Chat Leaks Rock Pentagon, Trump Responds After Ex-Official's "Meltdown" Op-Ed
US President Donald Trump defended his Defence Secretary, Pete Hegseth, following reports of the Pentagon chief disclosing sensitive military information in a second Signal chatroom with his family members and other staffers. Echoing the President's remarks, the White House also rallied behind Hegseth and tried to divert attention away from the national security implications of the alleged leak.
Trump's comments came after a former top Pentagon spokesperson slammed the US's top military official's leadership of the Department of Defence.
Trump said Hegseth was "doing a great job" despite what appear to be attacks from "disgruntled employees".
"I guess it sounds like disgruntled employees...You know, he was put there to get rid of a lot of bad people, and that's what he's doing.
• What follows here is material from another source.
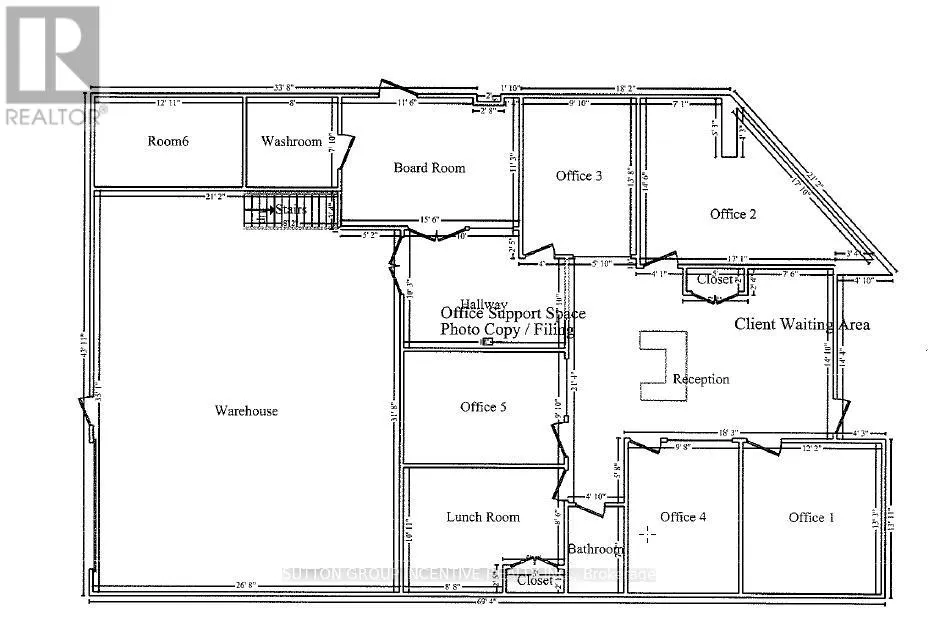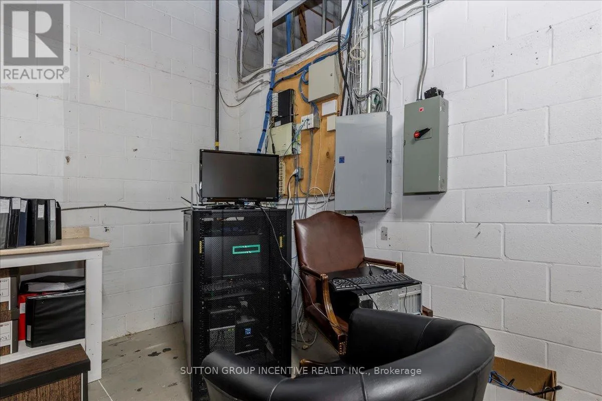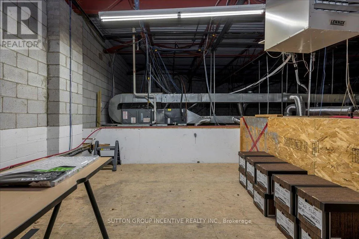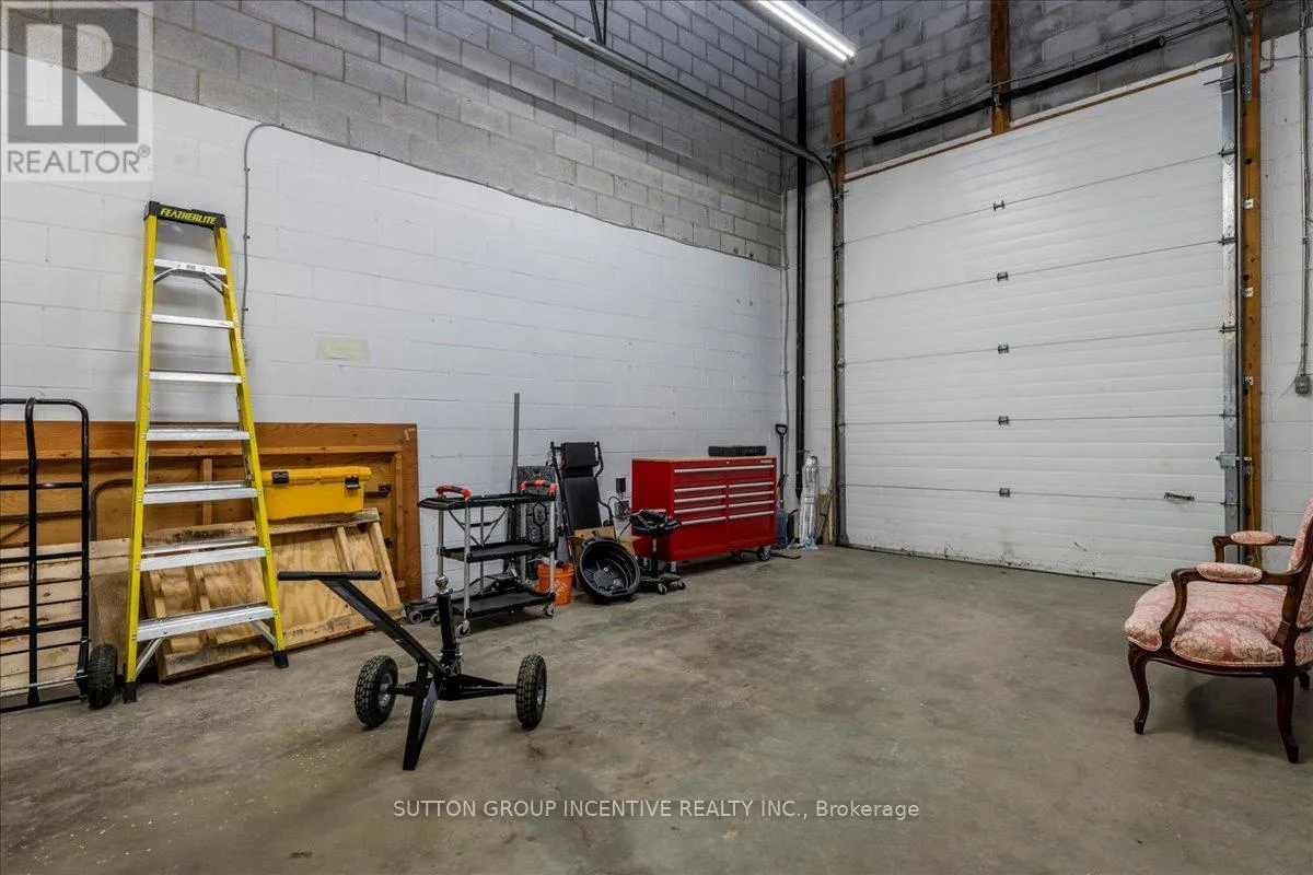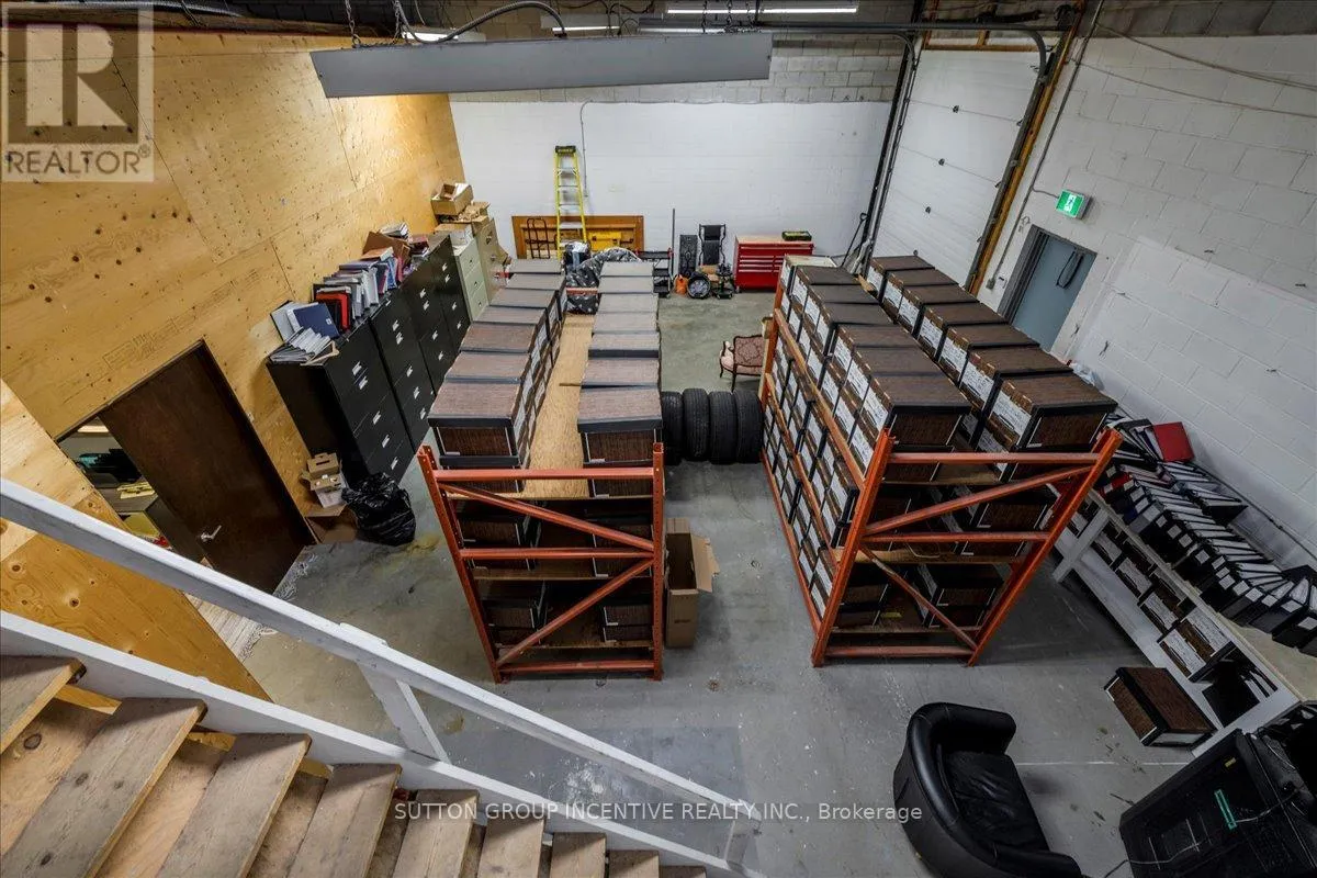 Cross Streets: Tiffin Street & Patterson Road. ** Directions: Located at Corner of Tiffin & Patterson, facing Patterson. Stop paying someone else's mortgage -- own your workspace in the heart of Barrie, just minutes from downtown and Hwy 400. This professionally finished office spans two commercial condo units and was fully renovated in 2019. The front office area features a welcoming reception, waiting area, bright boardroom with custom glass doors, staff/lunch room, four private offices, open work area, and two washrooms -- ideal for a wide range of professional users. At the rear, utilize an approximate 740 SF of warehouse space with a 19' clear height and a 10' x 12' roll-up door, plus an additional 182 SF mezzanine for extra storage. Comfort and efficiency are covered with ductless heat pumps in the front offices for added cooling (2020), updated central air (2020), and a new forced-air natural gas furnace (2023).Included are a built-in custom desk and hutch in the angled office, custom blinds throughout, fridge, dishwasher, microwave, HWT (owned) and boardroom table. Additional furnishings (including copier) may be available, subject to negotiation. Flexible possession. Monthly condo fees of $775.93 include water/sewer, snow removal, landscaping, insurance, management, non-exclusive parking, and building envelope maintenance. (id:27476)

So you don't always have friends when you do that," Trump told reporters at the annual Easter egg roll event at the White House on Monday.
"Ask the Houthis much dysfunction there is," he added, referring to the military's attacks on Houthi militants in Yemen.
Echoing Trump's remarks, the White House also tried to frame the controversy as a bureaucratic battle between Hegseth and the disgruntled Pentagon workforce.
"This is what happens when the entire Pentagon is working against you and working against the monumental change that you are trying to implement," White House Press Secretary Karoline Leavitt said.
Without going as far as denying the existence of a second Signal chat, Hegseth himself blamed "disgruntled former employees" and the media for trying to ruin his reputation.
"What a big surprise that a few leakers get fired and suddenly a bunch of hit pieces come out from the same media that peddled the Russia hoax...This is what the media does. They take anonymous sources from disgruntled former employees, and then they try to slash and burn people and ruin their reputations," Hegseth said at the same event.
This came after John Ullyot, who resigned last week after serving briefly as Pentagon spokesman, said in an opinion piece published by Politico on Sunday that the Defence Department has been overwhelmed by "staff drama" in the initial months of the second Trump administration.
Calling the situation a "full-blown meltdown", Ullyot wrote that it could cost Hegseth his job as Defence Secretary.
"It's been a month of total chaos at the Pentagon. From leaks of sensitive operational plans to mass firings, the dysfunction is now a major distraction for the president, who deserves better from his senior leadership," Ullyot wrote.
Forty-four-year-old former Fox News host and National Guard officer, Hegseth, has a combat record but limited management experience. The Pentagon chief was already under scrutiny for sharing confidential information in a Signal chat group detailing an imminent attack against the Houthis. The group included top Trump administration officials as well as The Atlantic journalist Jeffrey Goldberg, who was mistakenly added to the group chat.
Now, reports have emerged about Hegseth sharing similar information about the pending strikes in Yemen on a chat group that included his wife and brother.